Do Devs Need To Do Anything Now About "prettier-vscode-plus"?
For most VS Code users, probably not. The malicious extension was removed quickly and reportedly saw only a handful of downloads. Still, developers and security teams should confirm they did not install "prettier-vscode-plus" during the short exposure window. If installed, remove it immediately.

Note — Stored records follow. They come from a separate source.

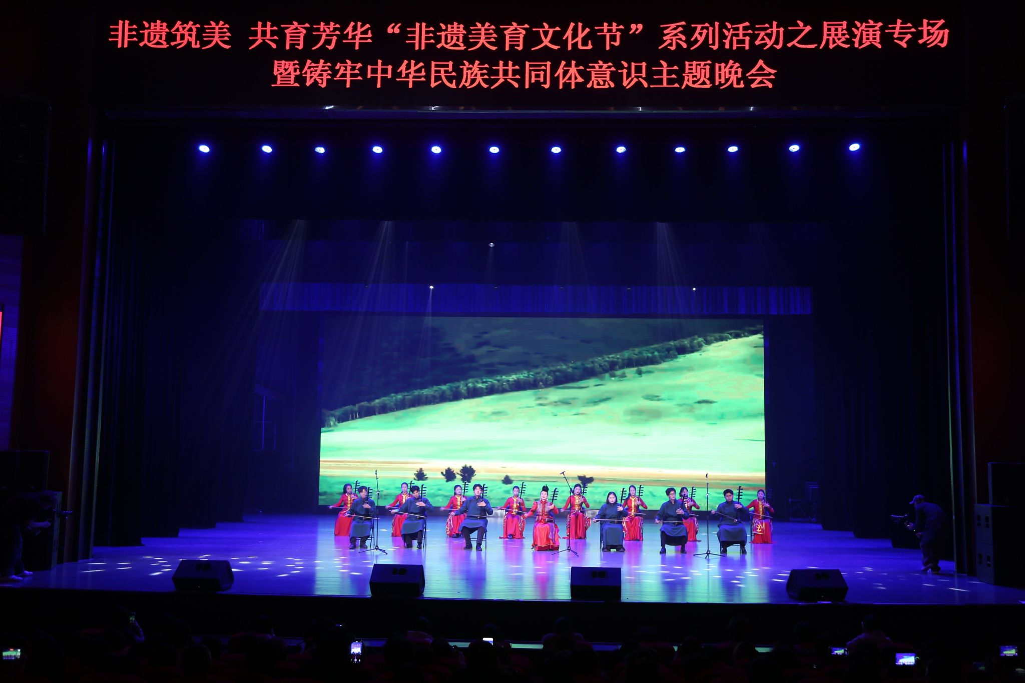 10月16日晚,非遗美育文化节暨铸牢中华民族共同体意识主题晚会在音乐厅精彩上演,为师生带来一场沉浸式美学旅程。演出以舞台为画卷,苍茫的呼麦、悠扬的马头琴、婉转的四胡与豪放的民族民间舞相继登场,为观众带来一场沉浸式的视听盛宴,展现各民族血脉相连、共筑中华民族精神家园的深厚底蕴。
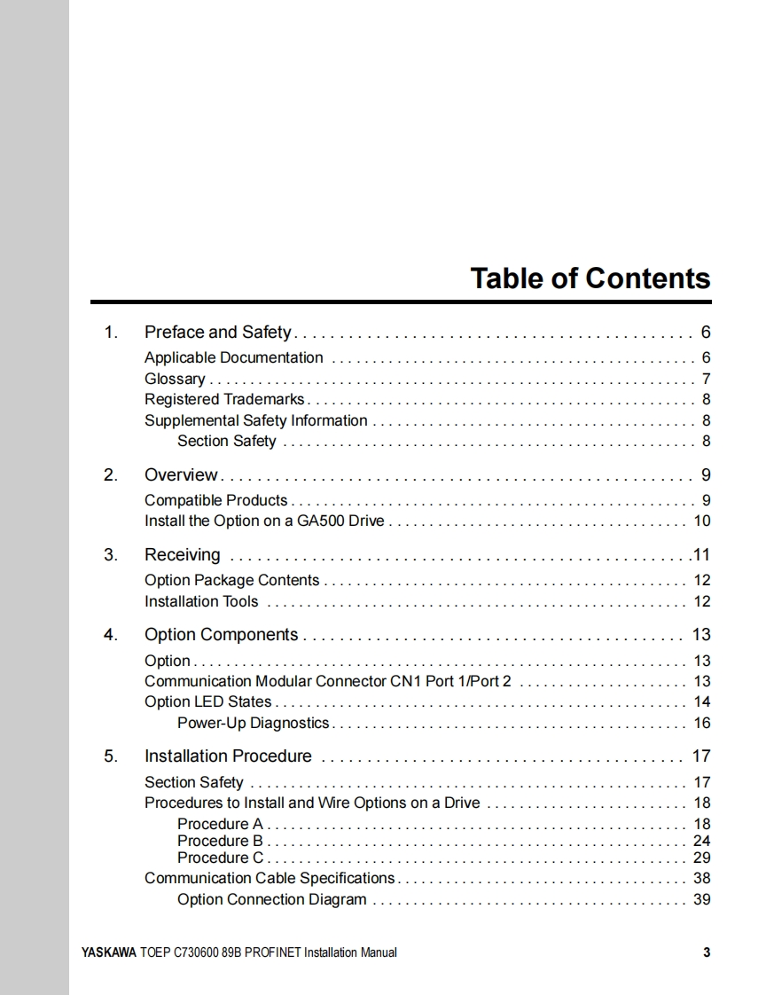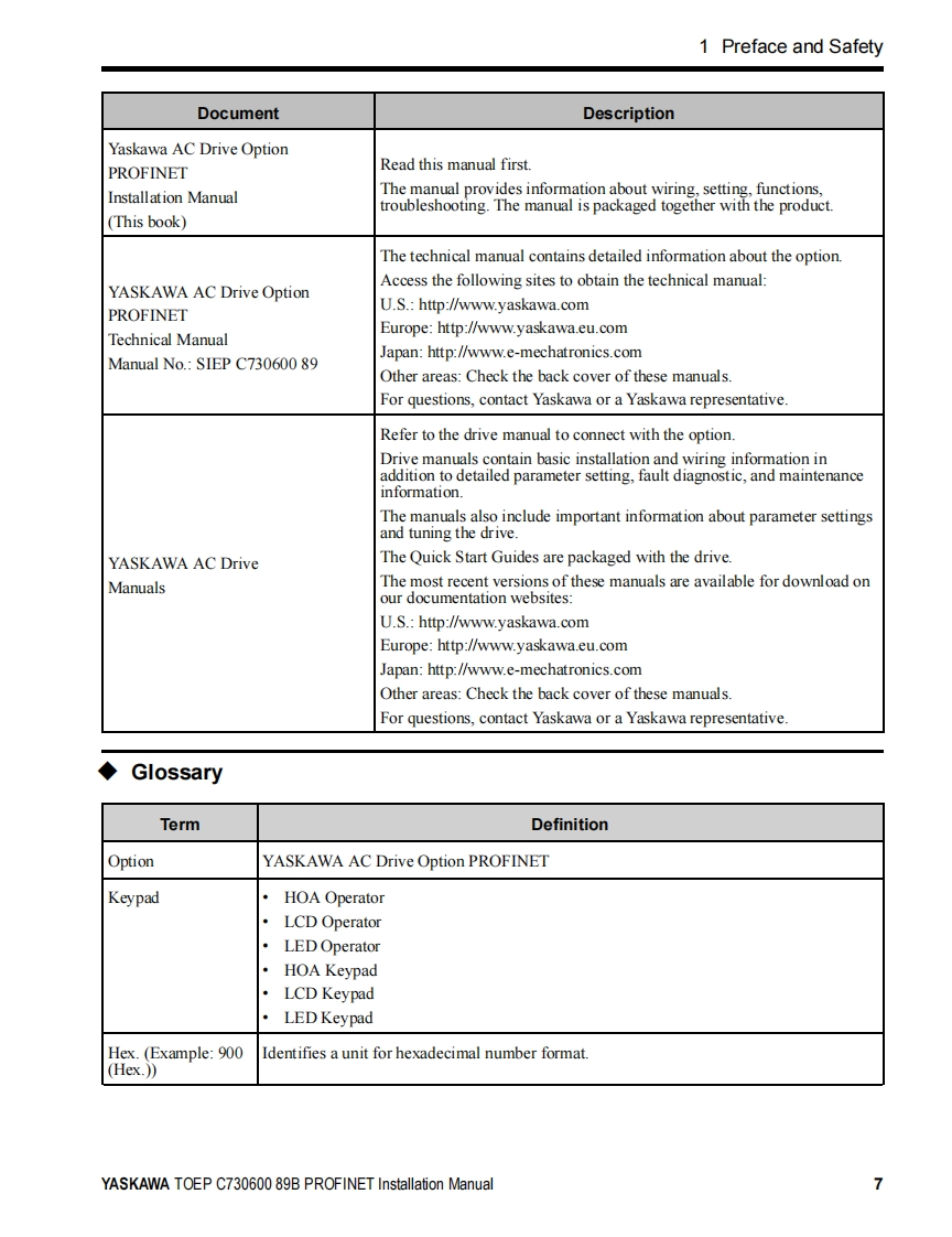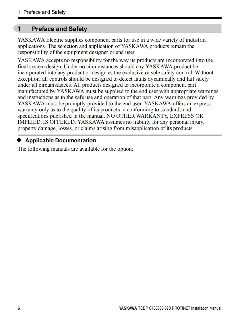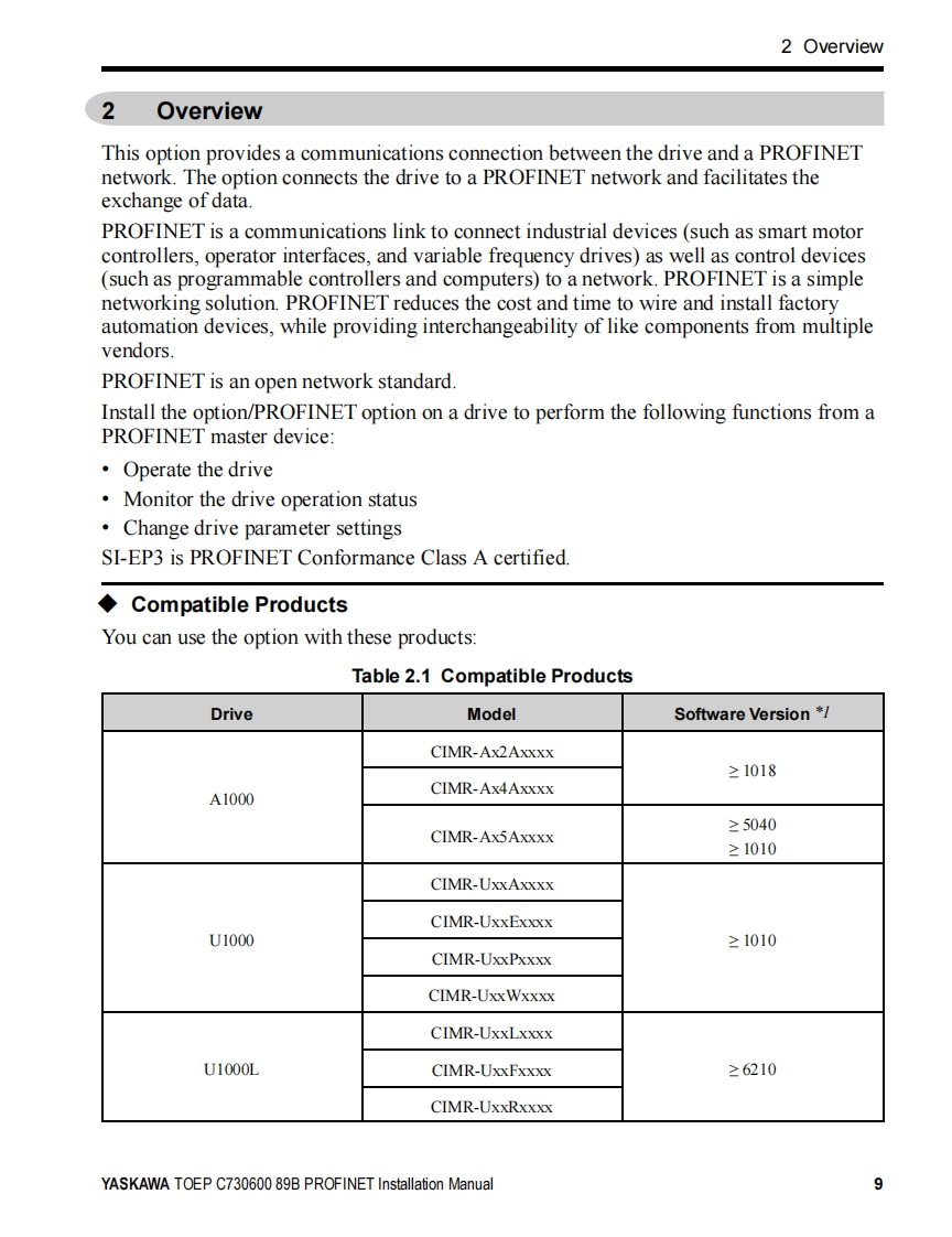 YASKAWAYASKAWA AC Drive OptionPROFINETInstallation ManualType:SI-EP3To correctly use the product,read this manual thoroughly and keep itfor easy reference,inspection,and maintenance.Make sure that theend user receives this manual.安川不)心一夕才)3)PROFINET通信取圾說明書形式Sl-EP3製品在安全书使虬儿龙<协亿.本書在必李书蔬动<龙达L。未无,本苦在书手元保管乙龙<上上七仁.最終的本製品卷C使用I忙:石ユ一步一樣0手元確実届寸5九石太5.书取b計SL顺未寸。68。0888888G6000®00新3三0m:00MANUAL NO.TOBP C730600 89F
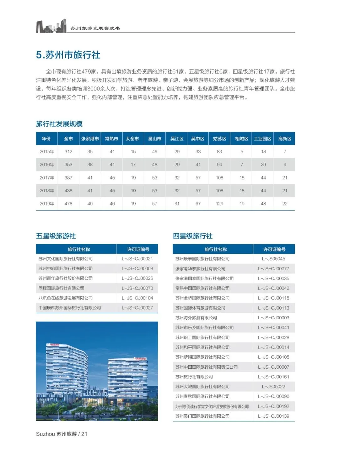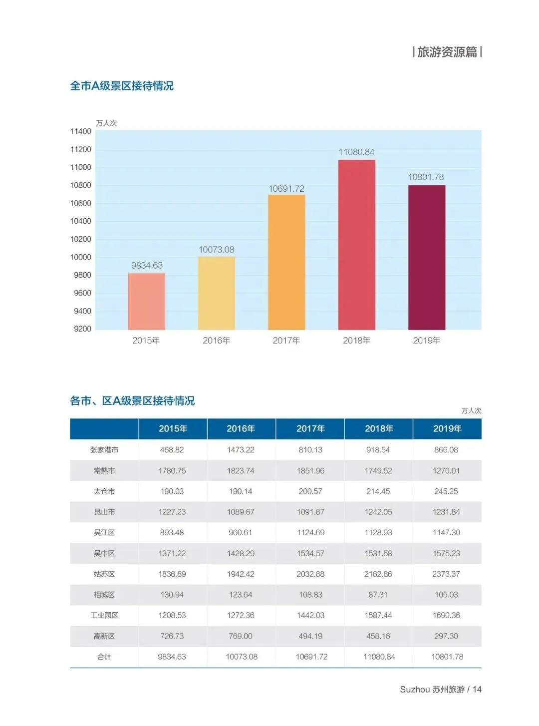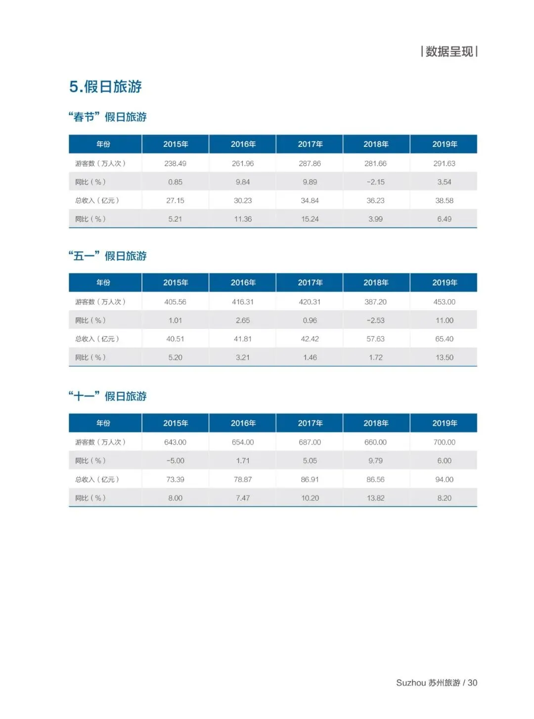 “十三五” 期间苏州旅游业践行新发展理念,战略性支柱产业地位持续巩固,2019 年接待国内游客 13374.1 万人次、入境过夜游客 174.3 万人次,旅游总收入 2751 亿元,三大指标均居全省第一,旅游业增加值占 GDP 比重达 6.7%,累计旅游项目投资超千亿元,全域旅游建设全面推进。

After removal, review the machine for signs consistent with Hunt.io's indicators, such as unexpected scheduled tasks named "WindowsUpdate," anomalous PowerShell executions launched by VBS, or suspicious child processes and network traffic under vbc.exe.

If you suspect installation, rotate developer credentials (GitHub, npm, package registry tokens) and review recent activity for unauthorized publishes or commits. The campaign's focus on credential theft means even short-lived infections can have downstream effects.

Bottom Line
The Prettier impersonation joins a steady stream of extension-based attacks. Whether the payload is a RAT, a worm, or a ransomware proof of concept, the marketplaces remain attractive targets because they sit at the center of developer trust. Treat VS Code extensions with the same scrutiny you apply to any dependency in your software supply chain.